Archaeologists find remarkably rare preserved Middle Saxon cemetery with wooden coffins

By Richard Moss Published: 16 November 2016

Incredibly rare Anglo Saxon carved wooden coffins uncovered with their skeletons intact

a photo of human skeletal remains in a grave
A plank lined grave with human remains at Great Ryburgh ©MOLA
Anglo-Saxon coffins seldom survive. Wood from the period (410 to 1066) tends to decay over time and evidence to date has largely consisted of the merest traces and staining in the ground from the decayed wood.

But now archaeologists from Museum of London Archaeology have made a breakthrough with a remarkable discovery preserved on the edges of a fishing lake and flood defence system at Wensum View in Norfolk.

The waterlogged conditions, with a unique combination of acidic sand and the alkaline water of the river valley, has created the perfect conditions for the skeletons and wooden graves of an Anglo Saxon cemetery to survive across the millennia.

Extremely rare in the archaeological record, the rare find includes eight plank-lined graves and a further grouping of 81 hand carved tree-trunk coffins dating from the 7th-9th century AD.

Archaeologists believe the site may have been the final resting place for a community of early Christians.
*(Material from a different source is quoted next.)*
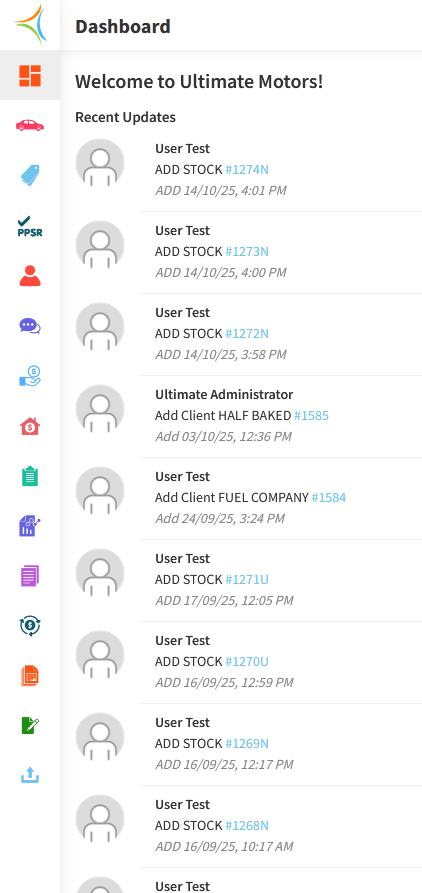 The left hand side displays recent activity made by your dealership, such as adding stock unit and clients.
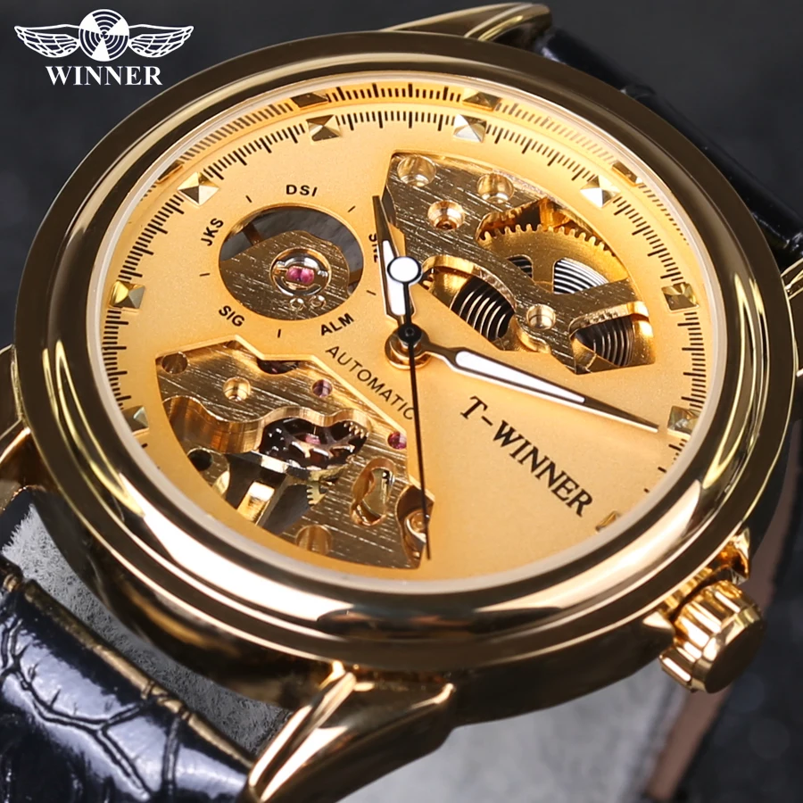 Победитель 2018 новый дизайнер прозрачный золотой повседневное Скелет нержавеющая сталь мужские часы лучший бренд класса люкс механические ...

Evidence includes the remains of a timber structure, thought to be a church or chapel, of which there are few examples from this period.

Elsewhere remarkable evidence of Christian Anglo-Saxon burial practices include wooden grave markers, an east-west alignment of the coffins and an evident lack of grave goods.
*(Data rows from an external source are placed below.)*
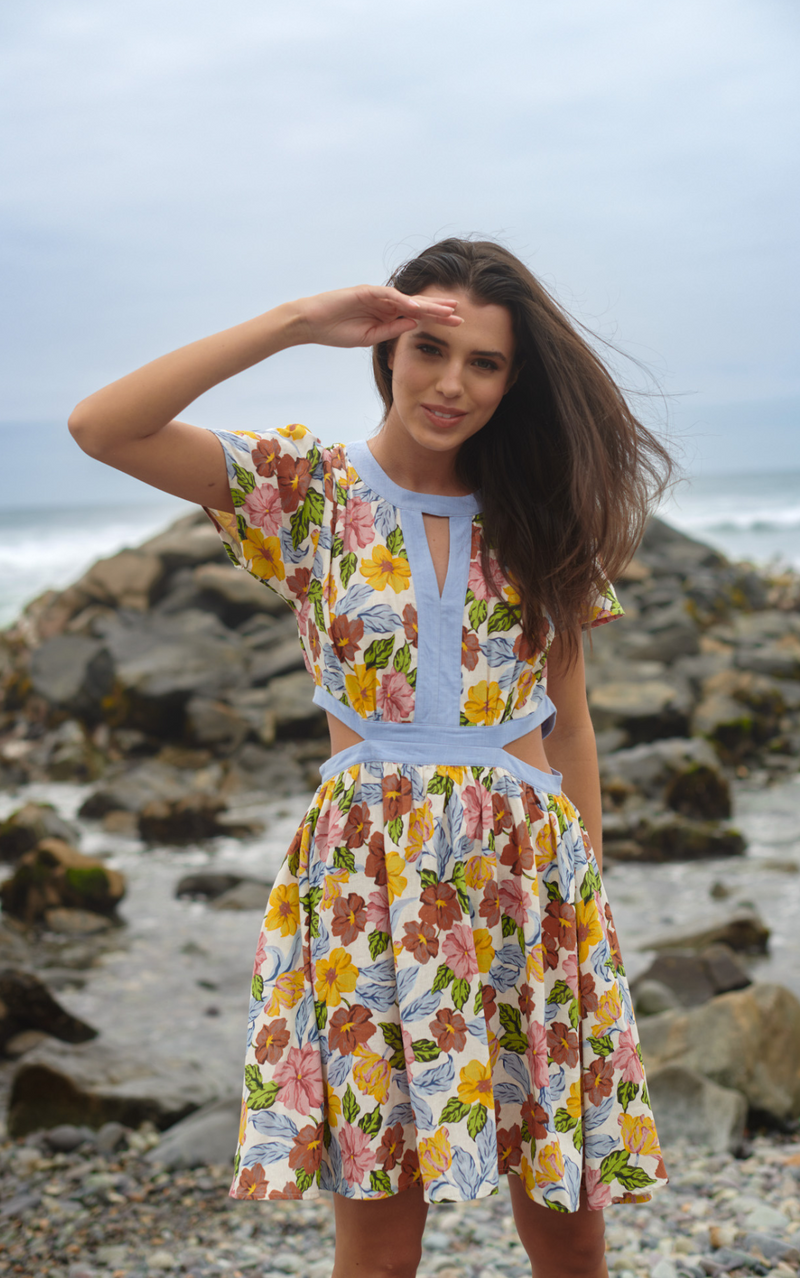 El vestido Perla es muy romántico pero moderno por las aberturas que tiene en los costados y el escote en V en el pecho, este tiene aplicaciones del mismo tipo de tela pero en el color que predomina la tela estampada del cuerpo del vestido, también tiene cortes y pinzas en distintas partes para que arme mejor . Las mangas son cortas y abuchonadas para que se vea más romántico .Es un vestido corto con mucho vuelo ya que tiene tela corrugada a la altura de la cintura para generar movimiento.
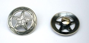 Concho okrągłe antique brass z gwiazdą texaską (większy rozmiar 37 mm): concho gwiazdka antique brass (e122-106-s). Concho wkręcane screw back scrollwork: concho wkręcane (e122-005). Śrubki chicago do akcesoriów: śrubki Chicago zestaw (s70-61).
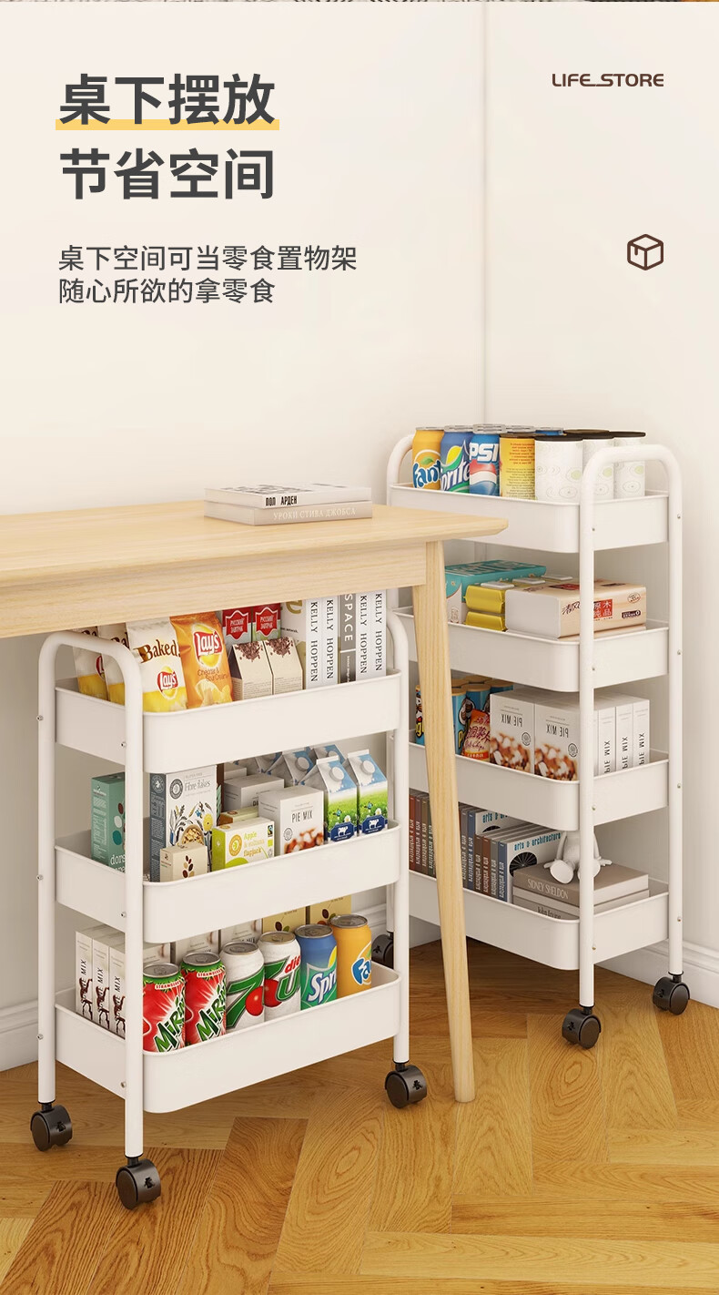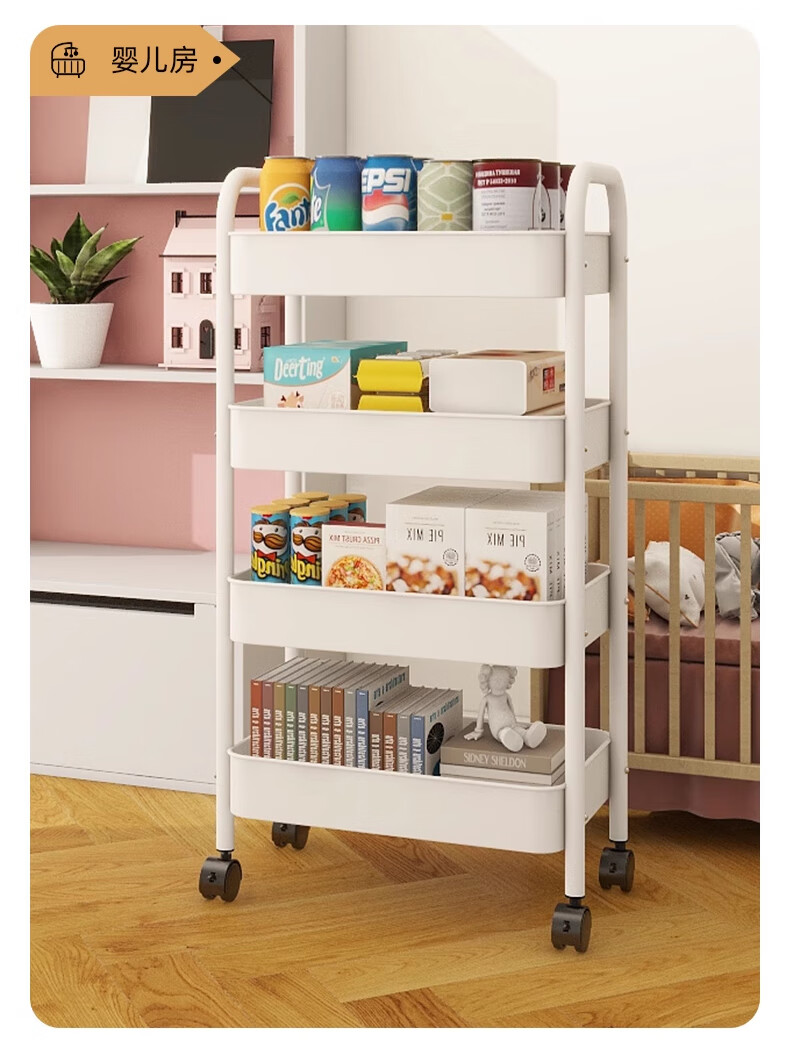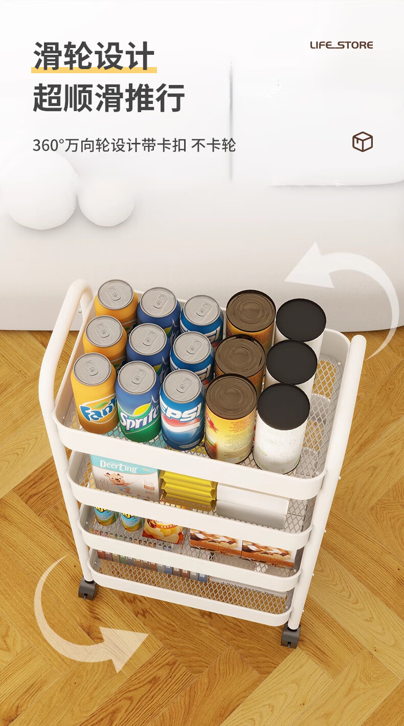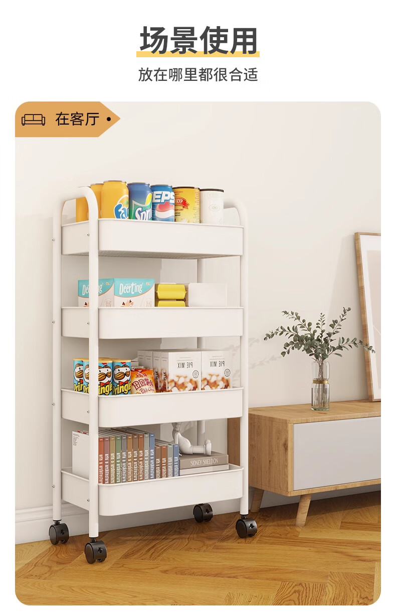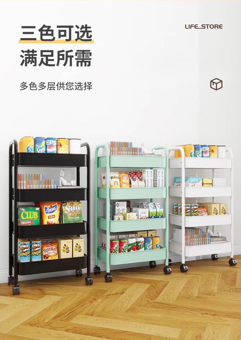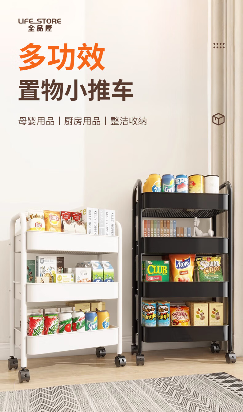 Quanpinwu trolley storage rack removable floor-to-ceiling storage rack household snack kitchen multi-layer carbon steel wheeled rack three black

a photo of a crouching woman in a high visibility jacket recording a grave
An archaeologist records human remains at Great Ryburgh © MOLA
an aerial photograph showing oblong shapes in the ground clustered together
Aerial view of the excavation of an Anglo-Saxon cemetery at Great Ryburgh © MOLA
The dug-out coffins comprise oak trees split in two length-ways and hollowed out. The type of coffin is first seen in Europe in the Early Bronze Age and reappears in the early medieval period.

In Britain dug out coffins are mentioned in antiquarian records of the late 19th century, but this is the first time they have been properly excavated and recorded by modern archaeologists.

The burials were positioned in the lower half the log with the upper half rested on top to form a lid. Although they are not decorative, experts say it would have taken considerable effort to hollow a single coffin, an estimated four man days. The fact that evidence for similar burial rites is also found in earlier cemeteries may also signify the blending of pagan and Christian traditions.

Matthew Champion, the local archaeologist who made the initial discoveries at the site, said the discovery will “significantly add to our understanding of just how the settlement patterns in the river valley developed over time.”

a photo of a woman in a high visibility jacket carefully removing mud from a skeleton in a grave
An archaeologist carefully excavates Anglo-Saxon human remains and a dug-out coffin © MOLA
a wide angled aerial view of an excavation next to a stretch of water
Another view of the archaeological excavations © MOLA
a drawing of a woman in a carved wooden coffin
A reconstruction of tree-trunk coffin with lid from an early Anglo-Saxon grave at Mucking Cemetery II, Essex © Historic England and Judith Dobie
The finds and remains are to be kept at Norwich Castle Museum and, according to Curator Tim Pestell, the site was in use “in the heyday of the Anglo-Saxon kingdom of East Anglia and positioned next to a strategic river crossing”.

“As with much of East Anglia at this early date, we have no documentary sources that relate to this site and so it is archaeological finds like this that are crucial in helping us to understand the development of the kingdom,” he added.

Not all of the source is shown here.